Forty years on, everything has changed. Halloween is now a huge event in the supermarkets and in the media. It is easy to put this down to American influence supplanting a traditional English festival, but I am not sure that is the whole story.
In the North of England Halloween was always more of an event than in the South. The spiritual home of Bonfire Night is Sussex where it still a popular and sometimes controversial even (see my Spiked article on 5 November in Lewes - the daddy of all bonfire parties).
And C. V. Wedgwood, in The King's Peace, remarks of England on the verge of the Civil War:
In strongly Protestant districts traditional Hallowe'en jollities were being ingeniously transferred to Gunpowder Treason Day on November 5th.So why has Halloween supplanted Bonfire Night?
One explanation is the decline of religion. If God is dead then the devil must be too, and there is no reason why we should worry about children dressing up as him or his helpers.

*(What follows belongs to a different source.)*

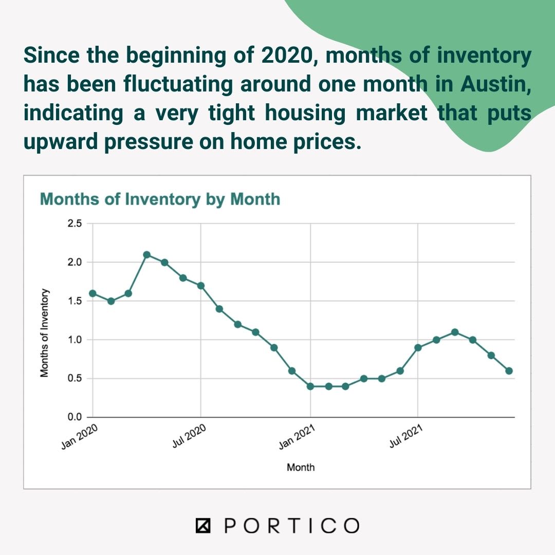 Another important metric to look at is Months of Inventory. Months of inventory is the current supply of homes offered for sale relative to the number of homes being purchased. The result indicates the number of months it would take to sell all properties currently for sale at the average monthly sales pace. At 6 months of inventory you have a balanced housing market. When inventory levels exceeds 7 months, housing demand is low and prices are likely to fall. When the inventory levels fall below 6 months, this is a sellers market where sellers have more control of price and terms. As the below graph shows, Austin has been in a strong sellers market for the last few years with December 2021 going as low as 0.6 months.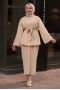 - Double krep kumaştan üretilmiştir. Üstünün boyu ortalama 70 cm, eteğin boyu ise ortalama 90 cm uzunluğundadır. Eteğinin beli lastiklidir. Giyim kolaylığı açısından sırt bölgesinden gizli fermuarlıdır. Kendi kumaşından seyyar kemerlidir.

Another is concerns over firework safety. Political pressure has seen the organised public display oust the private party in your own back garden. Now safety concerns and the cost of insurance are putting public displays under pressure too.
People worry about animal welfare too. In my day a gentle lecture from Valerie Singleton about keeping pets indoor and making sure no tortoises had bedded down in your bonfire was enough. No longer, it seems.
And then there is the way that childhood has changed - fast emerging as one of the obsessions of this blog. The chief activity associated with Bonfire Night was Penny for the Guy where children displayed rough figures from old clothes stuffed with straw and begged for coppers from passers-by as a reward.
This good honest begging, involving some creative effort and hours of shivering on street corners, has gone. It has been replaced by a form of demanding money with menaces: Trick or Treat? We are supposed to stock up with sweets to give to children for the simple act of knocking on our doors.
Except that it never really works over here. Many householders, thank goodness, resist the practice, and schools and police are often hostile to it too. And few modern parents are happy to allow their children out alone at night, so the result is that the parents go round with the children. So we see another Liberal England obsession emerging - the infantilisation of adults.
It did used to be different. At the age of 11 I lived in village (though it had largely been absorbed by the neighbouring New Town) in Hertfordshire. Each year a large bonfire was constructed on the Moor - a local open space - by the residents. I expect the Scouts or someone like that got involved too, because it was an impressive stack with lots of wood in it.
I recall that my group of friends got together and decided what time we would light it on the evening. And we did light it. It seemed perfectly natural to us that boys our age should do it, and presumably no adult was concerned enough at the prospect.
Not only that. Because it was 1971 or so, there was a dustmen's strike and a large refuse heap was piled up near the bonfire. Inevitably, at some point in the evening it was set alight or caught a spark. A fire engine arrived to put it out, and as one of the firemen said: "Sorry lads, but it's too dangerous." OK so we were nicely brought up middle-class kids, but I do not think any of this would happen today.
So we can't blame the Americans alone. A wise man once said that every ancient British custom was invented in the final quarter of the 19th century. Bonfire Night is an exception to that, but it does remind us that our folk customs are human artefacts and often of recent invention.
The shift from Bonfire Night to Halloween in the last 40 years tells us something about our society. And I do not think it is something comforting.
6 comments:
I think you are betraying real Southern biases here. What about Mischief Night?
That is why I mentioned the regional difference.
Does Mischief Night still exist, or has it been subsumed into a commericialised Halloween?
I was born in the mid-1980s and I never once went trick-or-treating. It is really very recent trend. I feel that it has largely been imported from America as I first heard about trick or treating from US TV shows
Mischief Night was certainly a reality when I was living in Leeds circa 2000-2002. But then, I also remember at least one guy during that period as well. AND Halloween. Generally, it is a week to spend elsewhere.
Personally I was born in the mid-70s, in Bromley, but Halloween and trick-or-treating was certainly a reality back then. I guess it was popularised by ET though (1981).
I live in Northern Ireland and was born in 1962. Hallowe’en has always been a big thing with us, I only knew about Guy Fawkes from TV. We didn’t have Trick or Treat, but kids used to, and still do, dress up and go round doors begging for money. We sang (sing) the Christmas song about the goose getting fat modified for Hallowe’en.
I've never heard of mischief night. 60s and 70s Bristol was all penny for the guy. No Halloween.